You are just proving my point thecarpathian ... you are in this thread, a thread you pshaw, but you have to get your statement in. I mean how could you, of all people .... be possibly fooled by your own ears and brain to convince yourself you are hearing or not hearing something. You could never fool yourself like that.
I actually find that you truly believe that mildly amusing. I don't perceive you to be ignorant, and perhaps you are being shilled, but I don't follow your purchasing decisions, so I can't say and how you spend your money is completely your choice, but you are fooling yourself. If I have any goal at all, it is to help other people not fool themselves.
I also find it amusing as you and others attempt to paint me with a broad brush, just like you paint everyone else that dares to disagree with you and does it with passion (and backs it up with knowledge). You won't find me putting down turntables, whether I find them technically inferior or not, I have enough knowledge about psychoacoustics to know that their imperfections in signal reproduction can be aurally pleasing. I won't be saying all amplifiers sound the same, both because I have heard differences in controlled tests, and also because I have measured differences with complex real loads.

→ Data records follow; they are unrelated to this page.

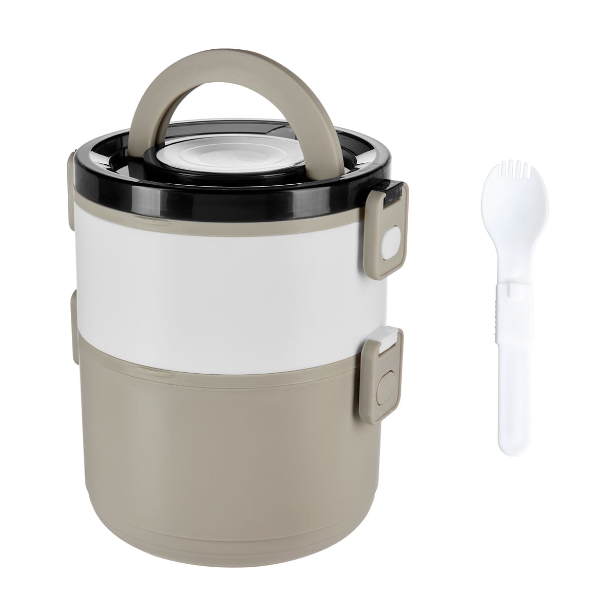 | 🏷️Descripción del producto | Contenedor de alimentos con dos pisos independientes que permite separar tus alimentos y no mezclar sabores. Fabricado con una pared sencilla de plastico, ideal para el uso de microondas. Cada compartimento cuenta con su tapa hermetica para evitar derrames y sus broches laterales ayudan unir o separar cada elemento. Incluye cuchara de plastico, tapa con asa plegable y caja individual. Apto para el uso en microondas y lavavajillas. |
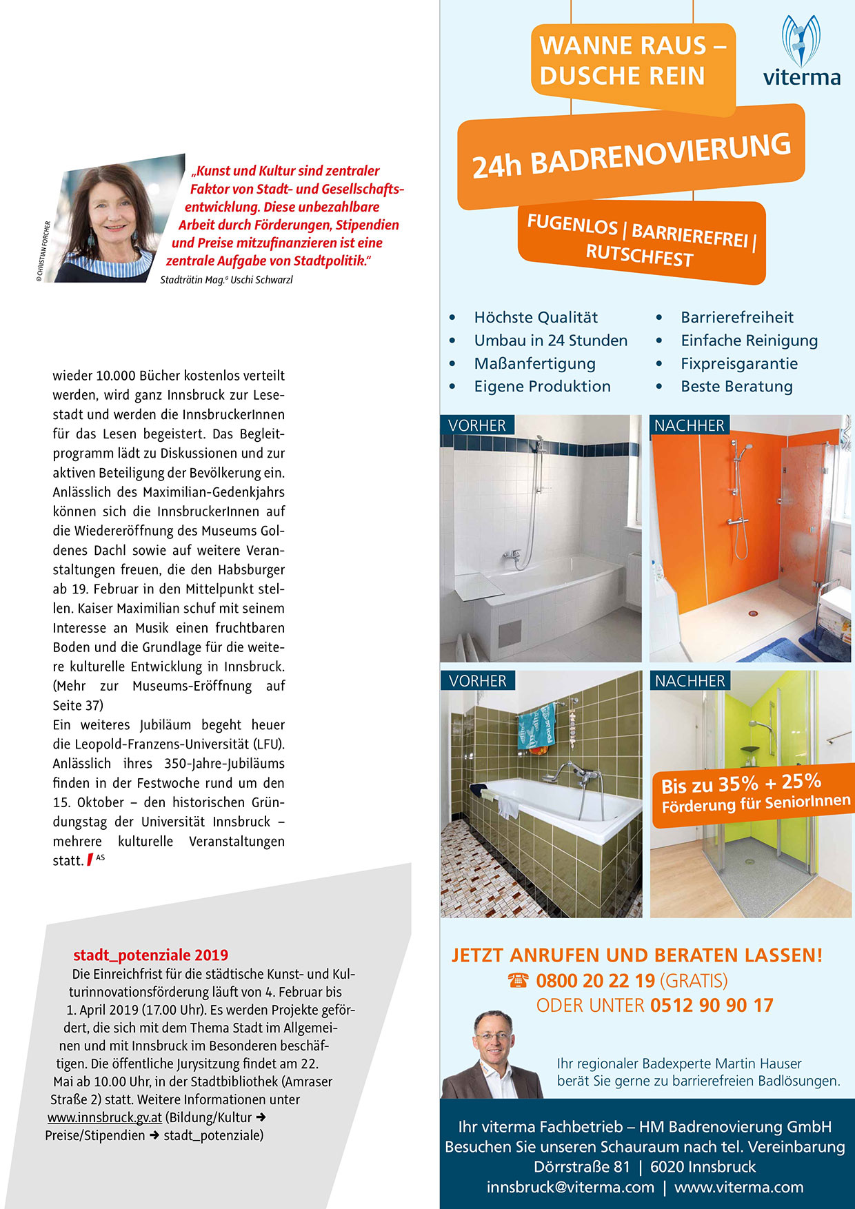 1. April 2019 (17.00 Uhr). Es werden Projekte gefördert, die sich mit dem Thema Stadt im Allgemeinen und mit Innsbruck im Besonderen beschäftigen. Die öffentliche Jurysitzung findet am 22.
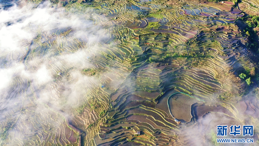 红河县撒玛坝梯田(4月14日摄)。新华网发(红河县融媒体中心供图)

Though, within a range of amplifiers and speakers, it is probably effectively true, hence why blind tests have shown little ability to differentiate.
I won't claim that signal transmission is at all affected in a streamer by a cable for any modern competent USB or ethernet DAC, and I will call out any claim that bit timing makes a differences in those scenarios (but can prove other timing never mentioned may), because, it is just not true in any modern DAC, both because they don't time off USB or Ethernet, and because data loss in a home environment is so close to 0 as to be 0. Similarly, I will take on any "technie" that does understand that noise injection, even via Ethernet can be an issue.
I am also going to call out anyone that claims one particular fuse is going to make an improvement in every piece of equipment ... because I know enough about and have enough experience designing audio equipment of various types to know that what potentially improves an amplifier could make a pre-amplifier or a source worse, and even what makes an amplifier better at low volume is different from what may help at high volume. I will maintain a healthy skepticism as well about cables, at least interconnnects and speaker cables, again due to claims of "always improves", given how varied source/loads are in audio, that no cable vendor will shine light on their claims with blind tests, that actual blind tests don't show differences .... AND .... because I have lost count of the number of times an "audiophile" buddy has claimed they could clearly hear a difference .... and then I proved they didn't by taking away their ability to know what product they were listening to. Clearly that statement does not apply to turntable cables who can massively impact cartridge loading, that time a better power cable was cutting through corrosion on an IEC receptacle and the odd EMI issue with cheap cables.
It is a popular refrain with products with questionable value that "we can't measure everything", we don't understand all the measurements, the ear is complex, the brain is complex, and similar refrains including the usual misquoting or wrong application of psycho-acoustic research or just right out false-hood (sensitivity to phase being a common one). When one discusses how we as human's perceive sound, for the most part, they are absolutely correct. We don't know how to take acoustic measurements and translate them into how a human will perceive them with high accuracy. We have some good ideas, but given human-human variance, we will never have one view of perfection. The one good thing we have a pretty good handle on is the limits of human hearing, critically limits on perception of sounds both on their own, and masked by louder sounds.
However, when we are talking purely electrical signals, which covers amplifiers, cables, power, the noise on a turntable (and what it can mask), etc. we can measure with exceptional resolution and accuracy, think of what we are able to measure in the scientific field and what level of resolution and accuracy that must require. So when someone says " we don't know what to measure", that is absolutely true when you are trying to compare the euphonics of a turntable and a 24/192 DAC, and true when viewed for what MFRs share with customers, or quite frankly, what is possible with the equipment that many boutique companies have. But to say we can't measure the impact of a cable or fuse and how that is going to correlate to human perception is just not true ..... what it is is convenient.